Throughout the centuries since, the Church has associated these sayings of Christ with the sacramental meal that forms the core of Christian worship, the Eucharist. Jesus was blatant enough in his statement that his contemporaries were put off by the suggestion that bread could be ‘his body’ and wine ‘his blood’ – and that eating and drinking were required!

This difficulty has not been resolved since then, not by any means. In the West, we have long argued about the possibility of the elements being understood ‘literally’, and the consequent emphasis on ‘real presence’ in the most vivid sense, versus a purely ‘symbolic’ notion of presence, leading to the supposition that the elements are no more than empty symbols whose purpose is to remind us of a past event. (There are many other approaches in between these, but they tend to be a polemic against one side or the other.)

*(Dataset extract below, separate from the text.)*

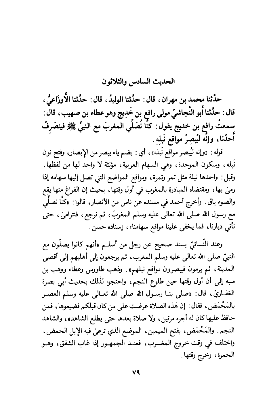 حَدَّثَنَا مُحَمَّدُ بْنُ مِهْرَانَ، قَالَ: حَدَّثَنَا الْوَلِيدُ، قَالَ: حَدَّثَنَا الأَوْزَاعِيُّ، قَالَ: حَدَّثَنَا أَبُو النَّجَاشِيِّ صُهَيْبٌ مَوْلَى رَافِعِ بْنِ خَدِيجٍ وهو عطاء بن صهيب، قَالَ: سَمِعْتُ رَافِعَ بْنَ خَدِيجٍ يَقُولُ: كُنَّا نُصَلِّي الْمَغْرِبَ مَعَ النَّبِيِّ -صلى الله عليه وسلم- فَيَنْصَرِفُ أَحَدُنَا وَإِنَّهُ لَيُبْصِرُ مَوَاقِعَ نَبْلِهِ.
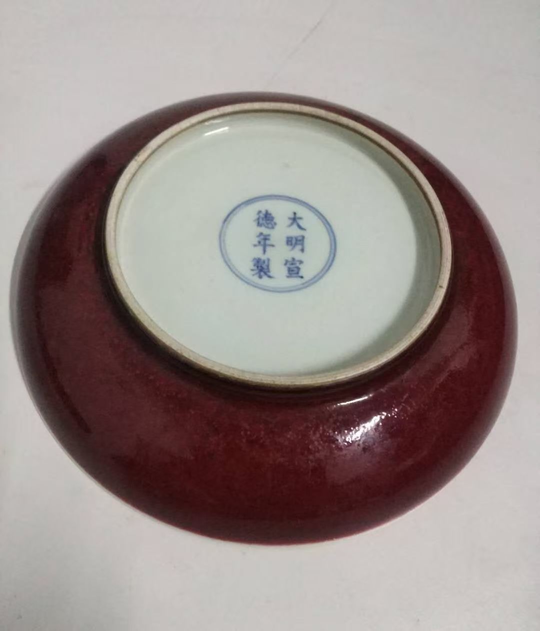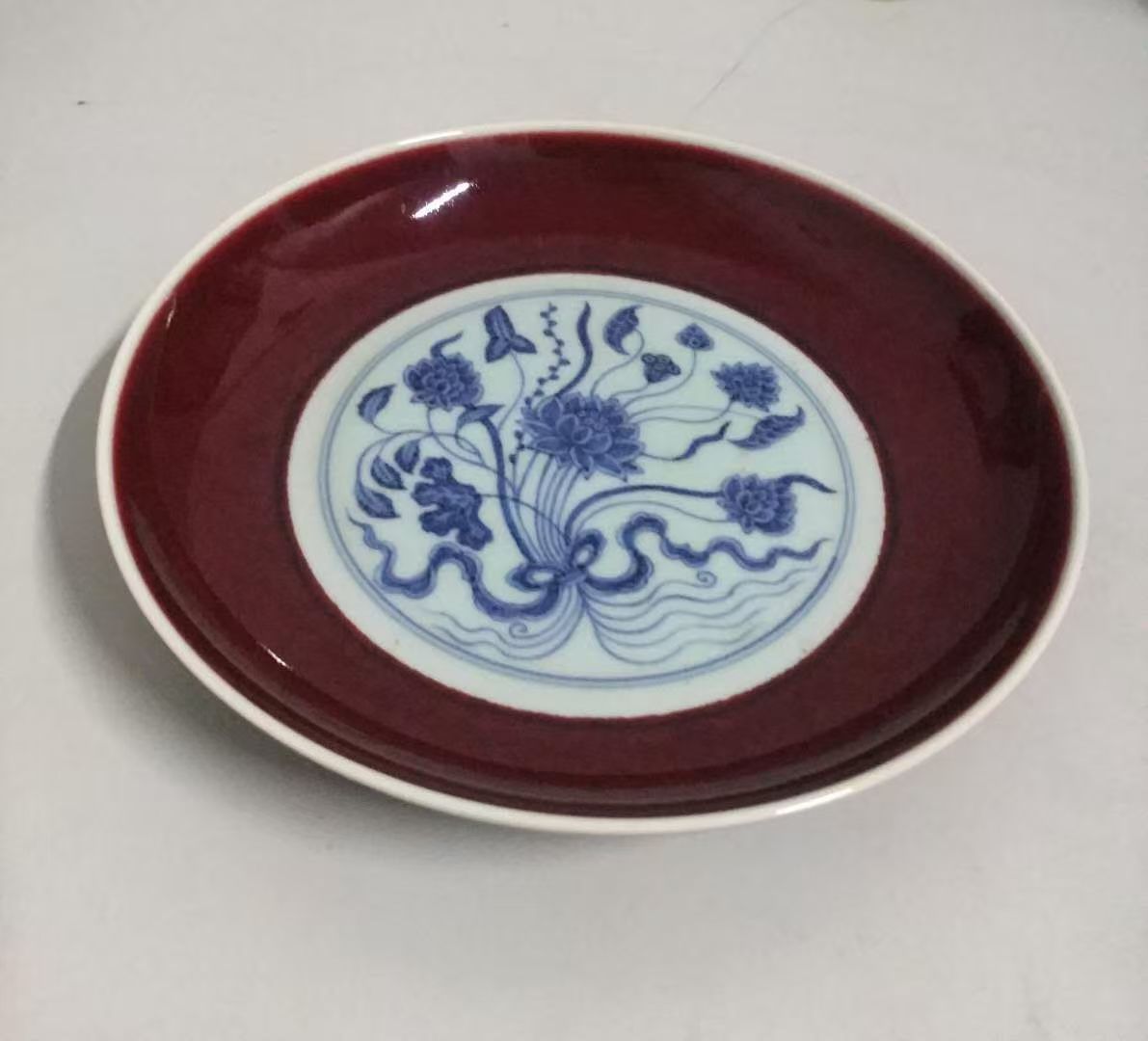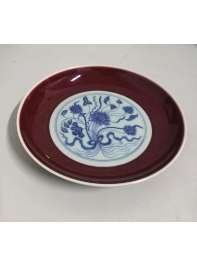 藏品名称:大明宣德 霁红釉青花一束莲赏盘 参考价格:520000.00 藏品规格: 藏品款识: 藏品类别:微拍

However, it's worth noting that John’s gospel presents Jesus as ‘bread’ and ‘wine’ in a symbolic context (that of these past feedings) while also emphasizing presence: ‘this is my body….’, etc. In a similar way, the early Church writers used more realistic language (Anaphora of Sarapion), while embracing words like ‘symbol’, ‘sign’, ‘figure’, and ‘type’ (St. Augustine).

The reality is that a more ancient understanding of ‘symbol’ or ‘sign’ involves the thing symbolized, participating in the reality signified. This is a difficult thing for us to grasp as post-Enlightenment people, who tend to reduce deeply symbolic things to objects. Take icons for instance. Do we treat them as 'sacred art' or as windows into heaven?

How should we understand these difficult words in John's gospel as they relate to the Eucharist? Fr. Alexander Schmemann, that beloved 20th-century theologian of Eucharistic theology, found the answer in a rejection of the real/symbolic dichotomy. Instead, we may understand the Church itself as a sacrament – as the mystery of the Kingdom of God in our midst. The Church is ultimate reality, heaven on earth, which is communicated to us symbolically: through liturgy and sacraments. As we enter into this heavenly worship, we too become citizens of this Kingdom, and are ‘born again’ as members of the body of Christ. (This summary is from Fr. Paul Lazor's address, 'Father Alexander Schmemann: A Personal Memoir', 2007.)

Thus, when we eat the bread and drink the cup, we remember past foreshadowings of the Eucharist, such as the Manna and the feeding of the crowds in Galilee. We remember Jesus' passion and death too. We participate in the immediate presence of God, communicated to us through the power of the Holy Spirit, in the elements of bread and wine, believing the direct expressions of the gospels to 'eat' and 'drink' Christ's body and blood. We also enjoy a foretaste of the Supper of the Lamb in the Kingdom of God, to which we look forward in the age to come.

Is this symbolic? Certainly. Is it real? Of course. Perhaps the word we need now to describe all of this is Mystery!